As an ex-Viv (w/ Siri team) eng, let me help ease everyone's future trauma as well with the Fundamentals of Assisted Intelligence.
Make no mistake, OpenAI is building a new kind of computer, beyond just an LLM for a middleware / frontend. Key parts they'll need to pull it off:
Persistent User Preferences:
- The biggest unlock of assistants has always been to deeply understand what someone wants in the most specific way.
- This is the "wow" moment where computers stop being scary and start feeling truly helpful.
- We did this in 2016 on Viv (https://t.co/aQSbFfRNde) when our AI knew what you liked for each and every service you used via Viv and mixed that in with context like what kind of flowers you told us your mom liked.
- This will need to include access to your personal information to infer preference as well.
External, Real-time Data:
- 50% of the utility of an LLM comes from the base training and RLHF fine-tuning; but much more comes from extending its available data with external sources.
- Zapier, Airbyte and others will help, but expect deep integration with 3rd party apps / data pipelines.
- "Chat w/ PDF" is a tiny, tiny part of this. If you're only building that, think much bigger.
Actual Computing on a Virtual Machines:
- Context windows are limiting, so AI providers will continue benefiting from running tasks directly on a Python or Node/Deno virtual env so it can consume huge amounts of data just like a computer today can.

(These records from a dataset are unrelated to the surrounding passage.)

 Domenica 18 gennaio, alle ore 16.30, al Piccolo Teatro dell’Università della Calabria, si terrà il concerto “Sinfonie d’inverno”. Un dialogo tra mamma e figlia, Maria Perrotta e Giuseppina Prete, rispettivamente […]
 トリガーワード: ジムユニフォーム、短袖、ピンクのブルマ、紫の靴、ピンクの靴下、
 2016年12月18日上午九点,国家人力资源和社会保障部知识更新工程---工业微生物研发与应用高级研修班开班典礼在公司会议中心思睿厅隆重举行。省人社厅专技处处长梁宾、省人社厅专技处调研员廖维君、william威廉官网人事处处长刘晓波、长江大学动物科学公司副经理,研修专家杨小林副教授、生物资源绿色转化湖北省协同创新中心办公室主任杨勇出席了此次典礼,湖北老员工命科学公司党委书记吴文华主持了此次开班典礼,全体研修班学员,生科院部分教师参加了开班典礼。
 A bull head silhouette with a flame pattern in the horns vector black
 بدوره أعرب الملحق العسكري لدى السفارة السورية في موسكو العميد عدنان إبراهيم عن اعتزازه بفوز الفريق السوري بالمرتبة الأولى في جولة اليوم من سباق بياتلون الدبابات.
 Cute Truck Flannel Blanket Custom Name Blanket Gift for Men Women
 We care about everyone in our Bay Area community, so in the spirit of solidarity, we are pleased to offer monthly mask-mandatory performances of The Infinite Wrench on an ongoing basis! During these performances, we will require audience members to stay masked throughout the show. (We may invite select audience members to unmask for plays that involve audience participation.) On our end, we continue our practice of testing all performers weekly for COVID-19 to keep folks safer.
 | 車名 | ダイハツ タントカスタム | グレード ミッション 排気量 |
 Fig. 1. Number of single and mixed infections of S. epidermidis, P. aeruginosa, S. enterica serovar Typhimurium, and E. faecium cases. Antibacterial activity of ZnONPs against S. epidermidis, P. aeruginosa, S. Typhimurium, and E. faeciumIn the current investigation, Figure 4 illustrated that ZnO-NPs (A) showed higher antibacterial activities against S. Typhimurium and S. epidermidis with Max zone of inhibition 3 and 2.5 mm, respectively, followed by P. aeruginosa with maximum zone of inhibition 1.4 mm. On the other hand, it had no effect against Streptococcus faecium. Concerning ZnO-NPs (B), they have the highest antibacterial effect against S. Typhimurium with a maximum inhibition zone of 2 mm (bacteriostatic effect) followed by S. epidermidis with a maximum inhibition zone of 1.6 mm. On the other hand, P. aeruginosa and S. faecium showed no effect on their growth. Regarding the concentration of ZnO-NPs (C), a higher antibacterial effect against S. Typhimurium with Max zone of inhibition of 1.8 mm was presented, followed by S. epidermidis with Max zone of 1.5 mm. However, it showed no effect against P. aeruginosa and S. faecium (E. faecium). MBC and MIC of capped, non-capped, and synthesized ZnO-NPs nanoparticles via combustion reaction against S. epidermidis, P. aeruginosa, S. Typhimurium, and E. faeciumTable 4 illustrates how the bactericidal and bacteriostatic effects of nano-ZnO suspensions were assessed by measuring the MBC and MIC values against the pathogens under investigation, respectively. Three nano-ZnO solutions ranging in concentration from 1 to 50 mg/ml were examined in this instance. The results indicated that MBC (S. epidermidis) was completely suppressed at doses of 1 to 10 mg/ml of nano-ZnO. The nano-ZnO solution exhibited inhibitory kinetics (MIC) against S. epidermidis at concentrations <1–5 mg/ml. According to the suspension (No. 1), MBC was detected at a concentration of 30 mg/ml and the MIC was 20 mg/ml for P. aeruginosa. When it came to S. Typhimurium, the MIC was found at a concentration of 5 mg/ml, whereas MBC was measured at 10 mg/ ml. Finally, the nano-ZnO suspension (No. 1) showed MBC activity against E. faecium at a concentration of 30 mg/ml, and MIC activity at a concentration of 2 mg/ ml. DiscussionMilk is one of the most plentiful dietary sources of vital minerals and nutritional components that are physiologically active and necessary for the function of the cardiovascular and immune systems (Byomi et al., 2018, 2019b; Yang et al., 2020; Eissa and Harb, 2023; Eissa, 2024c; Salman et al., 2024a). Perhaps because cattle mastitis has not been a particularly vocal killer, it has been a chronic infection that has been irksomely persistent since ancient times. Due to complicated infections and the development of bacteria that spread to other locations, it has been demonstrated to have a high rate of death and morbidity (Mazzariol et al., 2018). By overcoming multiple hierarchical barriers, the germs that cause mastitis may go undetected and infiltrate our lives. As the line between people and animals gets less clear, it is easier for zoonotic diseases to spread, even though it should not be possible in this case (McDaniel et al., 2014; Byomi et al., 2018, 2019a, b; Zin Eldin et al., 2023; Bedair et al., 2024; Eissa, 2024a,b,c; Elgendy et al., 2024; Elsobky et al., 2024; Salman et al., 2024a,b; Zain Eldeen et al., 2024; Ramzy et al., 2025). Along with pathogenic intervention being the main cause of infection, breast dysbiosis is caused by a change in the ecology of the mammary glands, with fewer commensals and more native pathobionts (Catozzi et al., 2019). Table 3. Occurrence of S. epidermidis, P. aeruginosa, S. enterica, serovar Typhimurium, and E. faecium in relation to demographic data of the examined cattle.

- Today these are short-lived envs used by Data Analyst / Julius, but over time they'll become a new type of Dropbox where your data is persisted long term for additional processing or cross-file inference / insights.
Agent Task / Flow Planning:
- Planning can't function without intent. Understanding intent has always been a holy grail, and LLMs finally helped us unlock what we spent years approximating at Viv with NLP tricks.
- Once intent is accurate, planning can start. Creating an agent planner is incredibly nuanced and will take significant integration with user preferences, 3rd party data sets, knowledge of compute capabilities, etc.
- The bulk of the real magic of Viv was the dynamic planner / mixer that would pull all these data and APIs together and generate both a workflow AND dynamic UI on top of them for a normal consumer to execute.
An App Store of Experts:
- Apple initially made the mistake of building a closed app store; then realized they could monetize a cornucopia of creativity if they opened it.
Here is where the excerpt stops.